Princeton’s Episcopal chaplain, the Rev. Rowland Cox, believes that students shy away from the open convert seeker or “the guy who wants to gimmick around with your life.” “Our job is people,” says the Rev. Harold Cooper, one of the Protestant chaplains at the University of Massachusetts, “and the idea is not to bring them into the fold but to help them live better lives as persons.” Most chaplains today shun even such an old-fashioned evangelistic idea as a “Religious Emphasis Week”; they talk about God only when the students want to. Church-sponsored activities, often organized ecumenically by team ministers of different faiths, rarely stress their denominational origin. At Columbia, the Protestant Office sponsors a student hangout called “The Post-crypt,” but Acting University Chaplain John Cannon stoutly contends that it is “not a Christian coffeehouse; it has nothing to do with evangelism at all.”

“You’re the Minister.” In this nonevangelistic approach, ministers deal with student interests and problems that are mostly secular: sex, rebellion against authority, concern about jobs, the “meaninglessness” of life.

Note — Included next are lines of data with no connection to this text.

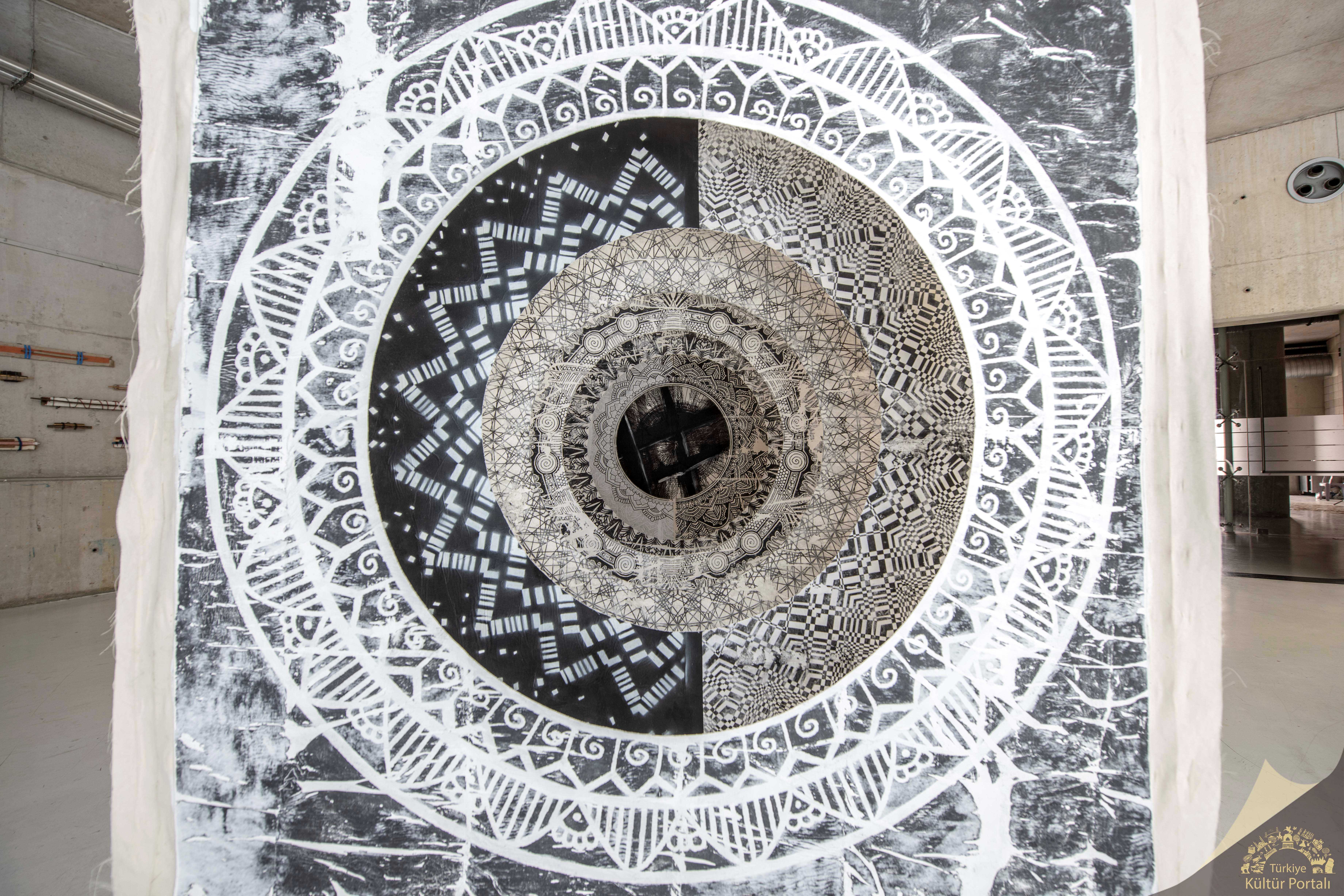 Uğur BİŞİRİCİ (Karaman, 1992) Gazi Üniversitesi / Güzel Sanatlar FakültesiGazi University / Faculty of Fine ArtsBOŞLUK / VOIDTuval Üzerine Karışık TeknikMixed Technique on Canvas220x220 cm, 2017Resim, mekân, yüzey, algı gibi kavramları tekrar aklımıza getiren bu çalışma, şaselerinden sökülmüş halde bulunan tuvallerden oluşmaktadır. Çalışma kendi sınırlarıyla kendi mekânını yaratmakta ve kendi mekânına yeni bir kapı açmakta.This work, which reminds us consepts such as painting, place, surface, perception, are created by canvasas that were unraveled from its plates. The work creates its own place by its own boundaries and opens a new door to its place.
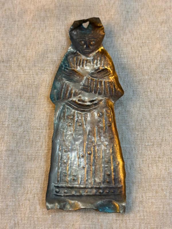 Aziz formunda adak başlıklı antika/koleksiyon objesi Avrupa menşe’lidir. 1920-1940 arası dönemine aittir.
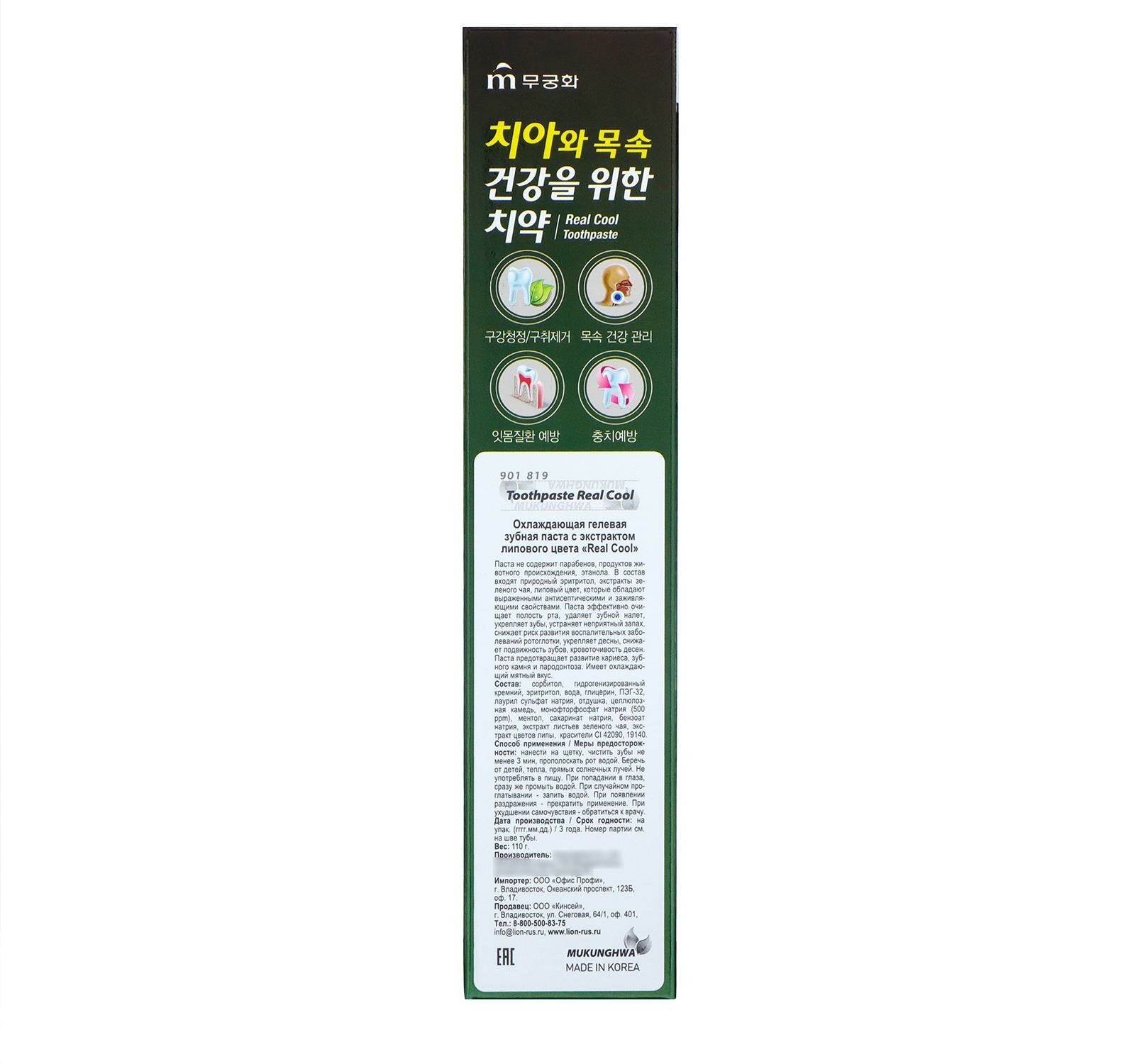 Mukunghwa Гелевая Зубная паста Real Cool Охлаждающая с экстрактом липового цвета 110гр

Rather than hand down dicta from the pulpit, the clergymen try to help the students work out their own problems in their own way, without departing from the necessity of teaching that there are absolute rights and wrongs. Dealing with an undogmatic generation, some also see the merits of relativism. “You can’t tell them what to do,” says the Rev. Harwood Bartlett of Georgia Tech. Many campus ministers encourage students to take on spiritual responsibility of their own. When one University of Minnesota student reported that his roommate had a drinking problem, Episcopal Chaplain G. Russell Hatton replied: “Then go have a few drinks with him. You’re the minister. You’re the one who has to help him.”

Such behind-the-scenes service is often necessary, suggests Episcopal Chaplain John Pyle of the University of Chicago, because “there is a general feeling of anti-institutionalism” among students. But beneath student skepticism, many campus clerics see evidence of a genuine but unformed faith. Although they encounter some convinced atheists, more often the doubter is like the University of Houston graduate student who told a Baptist chaplain that she “had hated God since she was six” because a minister told her that “God had taken” her father when he died. Now, says the Rev. DeWitt Baldwin of the University of Michigan, “the students say simply, ‘I just don’t know what to believe.’ They’re seeking meaning, but don’t feel that the church is giving good definitions.”

For many students, doubt and rebellion seem to be essential phases of the transition from an inherited faith to one of their own, and campus chaplains believe that their job is to help the students make this spiritual passage. For that reason, the chaplains are neither worried about low chapel attendance nor dismayed that relatively few students remain openly loyal to the faith they grew up with. “The fruits of the campus ministry,” says Atlanta’s Bartlett, “sometimes come five years later.”